Closed mtparet closed 5 years ago

mtparet commented 9 years ago

As specified by the rfc http://tools.ietf.org/html/rfc6819#section-5.1.4.1.3 we should not store the client_secret in clear text. (the client_secret is like a password)

tute commented 9 years ago

Absolutely, thanks for bringing this up. It's good we didn't release 3 yet.

Let's do it soon so we release 3.0.0.rc2, and a more secure v3. Can you start a PR, @mtparet?

mtparet commented 9 years ago

Do you think that during the transition we should accept both forms, or migrate the existing data?

As the v3 is a new major version, it's a good time to introduce this breaking change and migrate the existing data. We should release a new v2 version with warnings about client_secret not available anymore. The migration should be done using a safe way. (First, adding a new database field and deprecating the old one and in a next release removing the old field)

Would BCrypt be the best algorithm for doing so?

It seems everybody is recommending it so yes unless someone has a better proposition.

Can you start a PR, @mtparet?

I can't give a "yes sure" but I will try to find time for this.

adstage-david commented 8 years ago

@tute / @mtparet - my company wants this feature enough for me to take a crack at it. Was any progress made here or at least decisions made? Seems we should also treat tokens/refresh_tokens stored in the database similarly (as per #320)? I don't think bcrypt was the recommendation shaking out of the other thread - specifically because bcrypt is designed to be slow to prevent brute-forcing - would we want different algorithms between the two, or to use the same approach for all of the secrets?

tute commented 8 years ago

my company wants this feature enough for me to take a crack at it.

:clap:

Was any progress made here or at least decisions made?

There was no progress made on this (AFAIK). Any progress is needed and welcomed. In my ideal world, doorkeeper would not store grants or tokens altogether, and implement a solution along the lines of what @ahacking described in https://github.com/doorkeeper-gem/doorkeeper/issues/320#issuecomment-41063566.

Do you think you can work on that approach?

(looping in @diegode)

adstage-david commented 8 years ago

Okay - when we say "not store grants or tokens", we might still store an HMAC of the issued tokens to tie back later revocations, right? I imagine grants could be completely ephemeral - you don't need to be able to revoke them as far as I'm aware, especially since they're short lived (unless I'm missing something about the flows - we only use the "access grant" table to store the codes in the authorization code grant type, correct?)

If access grants are indeed short-lived/don't need revoked, my approach would be the following:

  1. AccessGrant: no longer stored at all, they are generated and signed, then forgotten.
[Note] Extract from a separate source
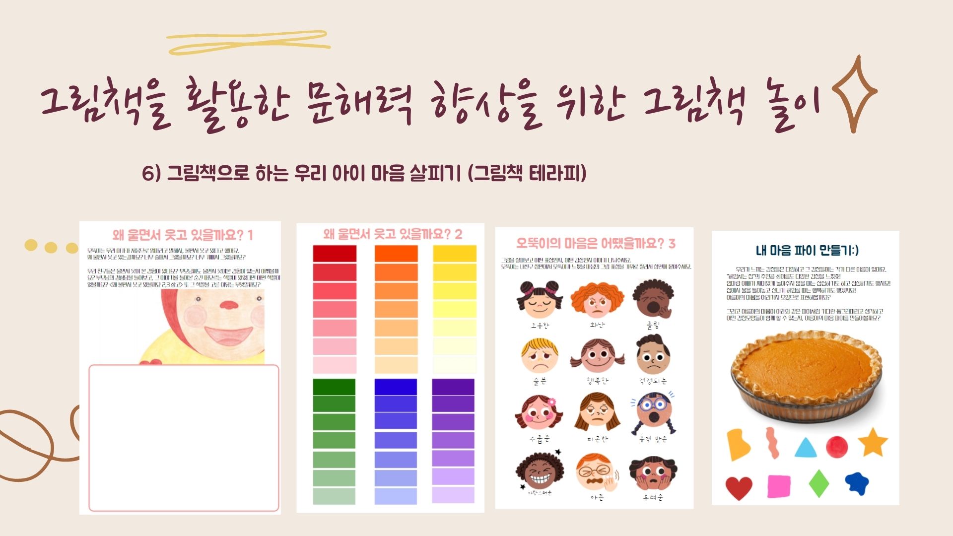 그림책테라피와 책놀이, 말놀이를 담아 6주 과정을 준비했답니다.

When exchanging for a full access token, we can validate the grant, check the client_secret and then give out the token.
  2. AccessToken: only HMAC of token stored in database to handle revocation - tokens can be validated by signature, and then we can look up HMAC in database to verify they have not been revoked
  3. Application: HMAC of client_secret+client_id stored for later lookup

For points 1 and 2 - a standard immediately comes to mind we could use here, rather than rolling our own solution (which generally I think I prefer): JWT. If JWT was a first class citizen in Doorkeeper, we might do the following:

  1. AccessGrant: generate JWT of the grant (with resource owner id, client id, etc.). Validate the JWT when exchanging for code
  2. AccessToken: generate a JWT token for the user, but store only the signature part of the token - validation of token can be done without database lookup, and then we can look up the signature in the table to check if it has been revoked to support http://tools.ietf.org/html/rfc7009
  3. Application: JWT would potentially not be as applicable here, but if we wanted a single way to do things we could generate a JWT of the client secret + client id and initial issuing time and then store the signature in the same way as AccessTokens. Along those lines - if we just treated the client secret as another kind of AccessToken we could validate and store like we store any other access token, potentially addressing #659 and having a single code path to verify both client secrets and access tokens?
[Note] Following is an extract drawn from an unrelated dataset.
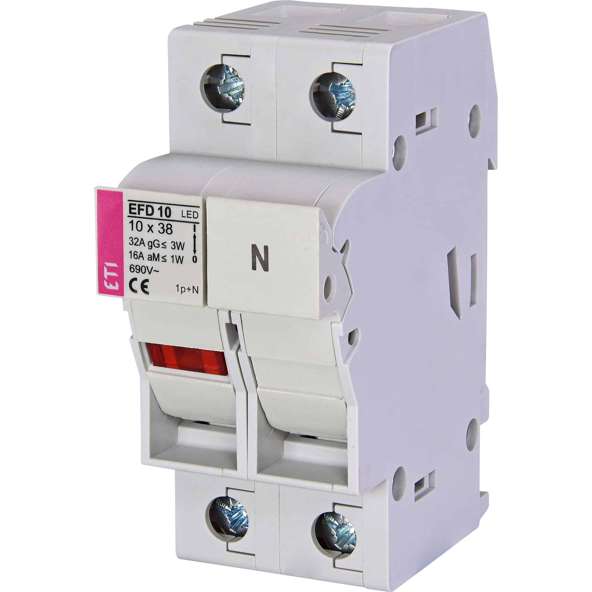Separator tip sertar ETI cu LED, 1P+N, 32A, dimensiuni 10x38mm, tensiune nominală 690VAC/DC. Produsul este un separator modular proiectat pentru aplicații electrice, echipat cu indicator LED pentru semnalizarea stării. Are capacitate de 32A și este compatibil cu sistemele de 690V AC/DC. Separatorul este de tip sertar, facilitând instalarea și întreținerea. Specificațiile tehnice includ dimensiunile compacte de 10x38mm, făcându-l potrivit pentru spații limitate. Produsul este parte a gamei de componente electrice modulare pentru distribuție și control.

The main downside with the JWT approach that I can see is just that tokens might become (theoretically) larger strings, which could be potentially problematic. If that's a concern we can stick with randomly generated (relatively short) strings as tokens and do the HMAC approach without introducing JWT, in which case I would probably use the same base algorithm JWT requires - HMAC SHA-256. Would we want to support multiple algorithms (getting back to not rolling our own too much and using built in JWT support)?

A danger that must be addressed going with the JWT approach is algorithm switching - https://auth0.com/blog/2015/03/31/critical-vulnerabilities-in-json-web-token-libraries/, so keeping that in mind would be important.

Thoughts? Personally I lean toward preferring JWT library to do the signing unless we consider the change in token size to be concerning. It allows us to lean more on already existing and (hopefully) tested work generating signatures on tokens, and also means that a choice of algorithm for end users would be easier to support if stronger or asymmetric encryption was desired.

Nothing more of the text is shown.